**Required action**.
The complete listing goes into the output exactly, without its pictures.

**Supplied data**.
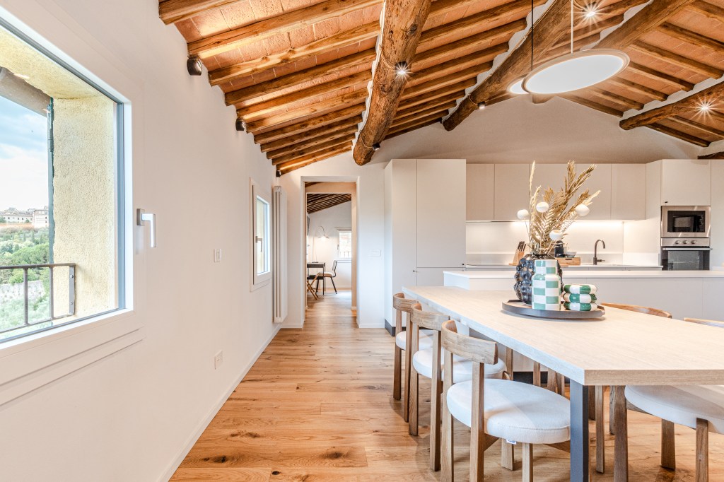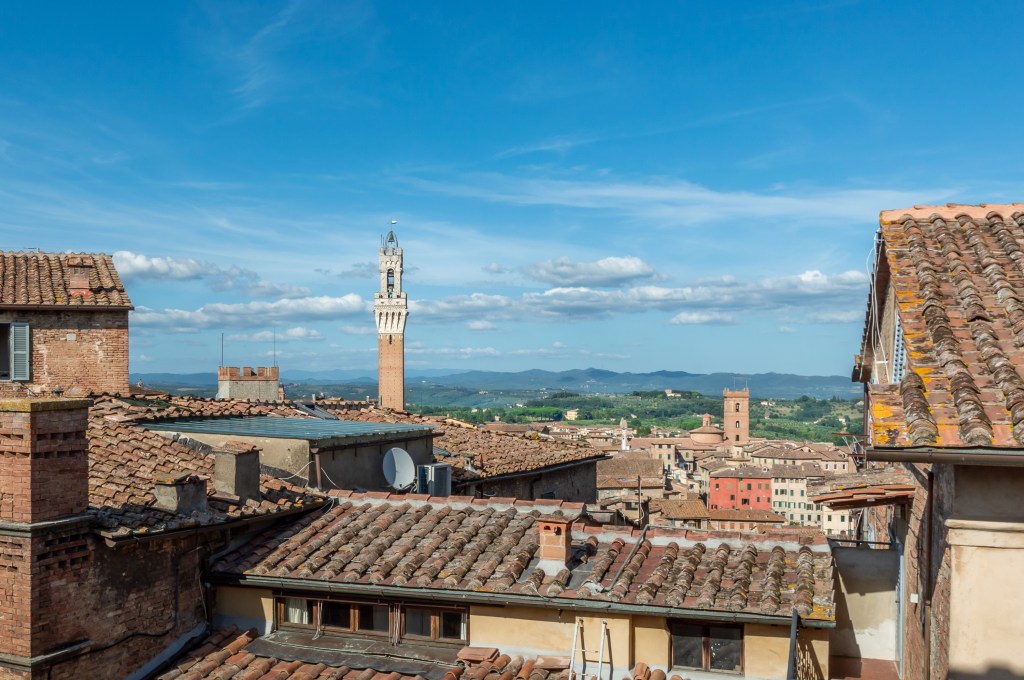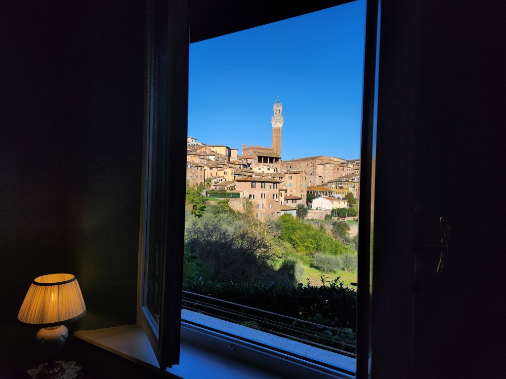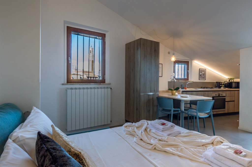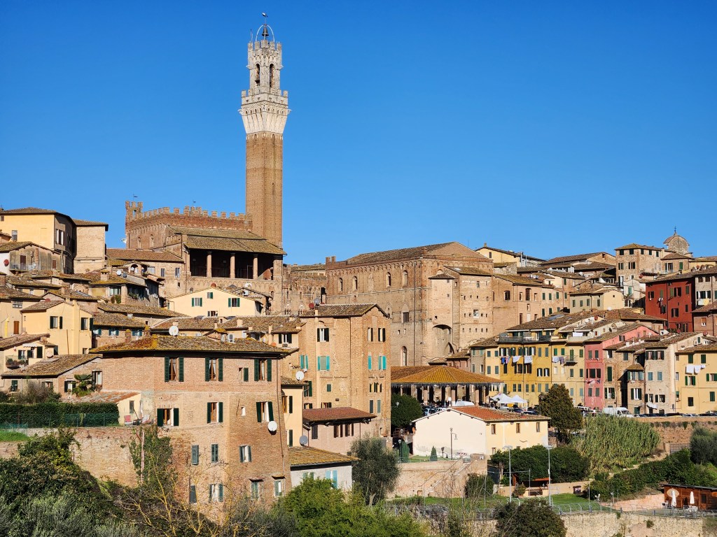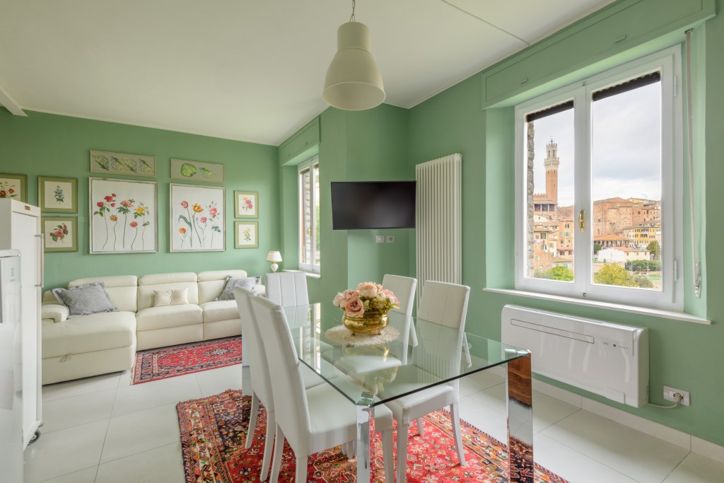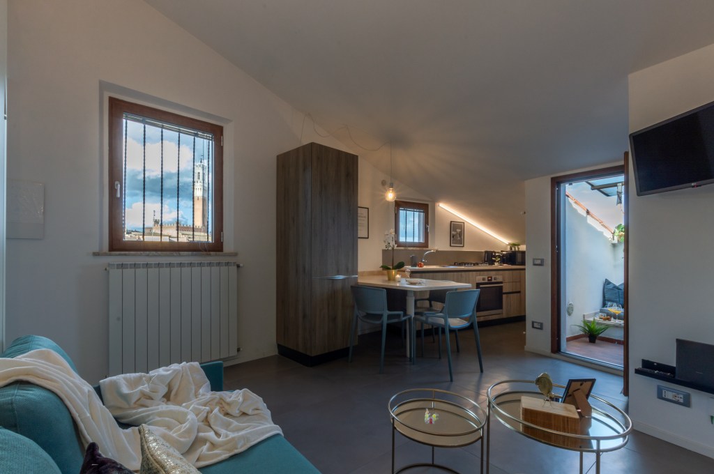 Ampia e modernissima struttura super panoramica con 3 camere e 3 bagni, luminosissima e dotata di aria condizionata. Parcheggio gratuito incluso, a due passi da Piazza del Campo.
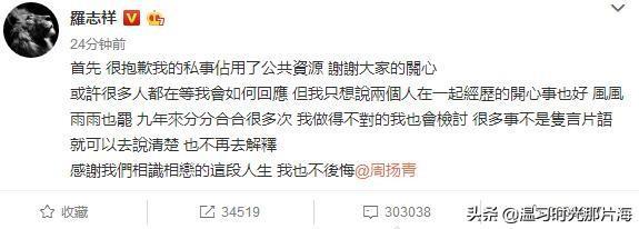 同时,今天罗志祥疯狂上线,自己吃自己瓜,网友评价“他急了他急了他急了”,不得不说,他需要一个如《完美关系》中卫哲这样的专业公关人来处理此事啊,事业危机告急,中午12点多,他终于回应了此事,发文:“首先很抱歉我的私事占用了公共资源谢谢大家的关心,或许很多人都在等我会如何响应,但我只想说两个人在一起经历的开心事也好,风风雨雨也罢,九年来分分合合很多次,我做得不对的我也会检讨,很多事不是只言片语就可以去说清楚,也不再去解释感谢我们相识相恋的这段人生我也不后悔”并艾特周扬青。
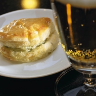 Juicy, savory pastries — perfect with beer, but great on their own as well. You can make the pesto yourself: for 1 bunch of fresh basil, take a handful of pine nuts, 1 clove of garlic, 50 g of olive oil, and 50 g of grated cheese — usually half Parmesan and half Pecorino or Grana Padano. Tear the basil leaves from the stems and place them in a blender along with all the other ingredients.
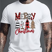 More information about Men's Tree Merry Christmas T Shirt Tee Top Cotton Short Sleeve Graphic Shirt White Dark Blue Beige Comfortable Tee Sports Outdoor Holiday Fashion Designer Clothing

**Answer to this problem**.
 Ampia e modernissima struttura super panoramica con 3 camere e 3 bagni, luminosissima e dotata di aria condizionata. Parcheggio gratuito incluso, a due passi da Piazza del Campo.
 同时,今天罗志祥疯狂上线,自己吃自己瓜,网友评价“他急了他急了他急了”,不得不说,他需要一个如《完美关系》中卫哲这样的专业公关人来处理此事啊,事业危机告急,中午12点多,他终于回应了此事,发文:“首先很抱歉我的私事占用了公共资源谢谢大家的关心,或许很多人都在等我会如何响应,但我只想说两个人在一起经历的开心事也好,风风雨雨也罢,九年来分分合合很多次,我做得不对的我也会检讨,很多事不是只言片语就可以去说清楚,也不再去解释感谢我们相识相恋的这段人生我也不后悔”并艾特周扬青。
 Juicy, savory pastries — perfect with beer, but great on their own as well. You can make the pesto yourself: for 1 bunch of fresh basil, take a handful of pine nuts, 1 clove of garlic, 50 g of olive oil, and 50 g of grated cheese — usually half Parmesan and half Pecorino or Grana Padano. Tear the basil leaves from the stems and place them in a blender along with all the other ingredients.
 More information about Men's Tree Merry Christmas T Shirt Tee Top Cotton Short Sleeve Graphic Shirt White Dark Blue Beige Comfortable Tee Sports Outdoor Holiday Fashion Designer Clothing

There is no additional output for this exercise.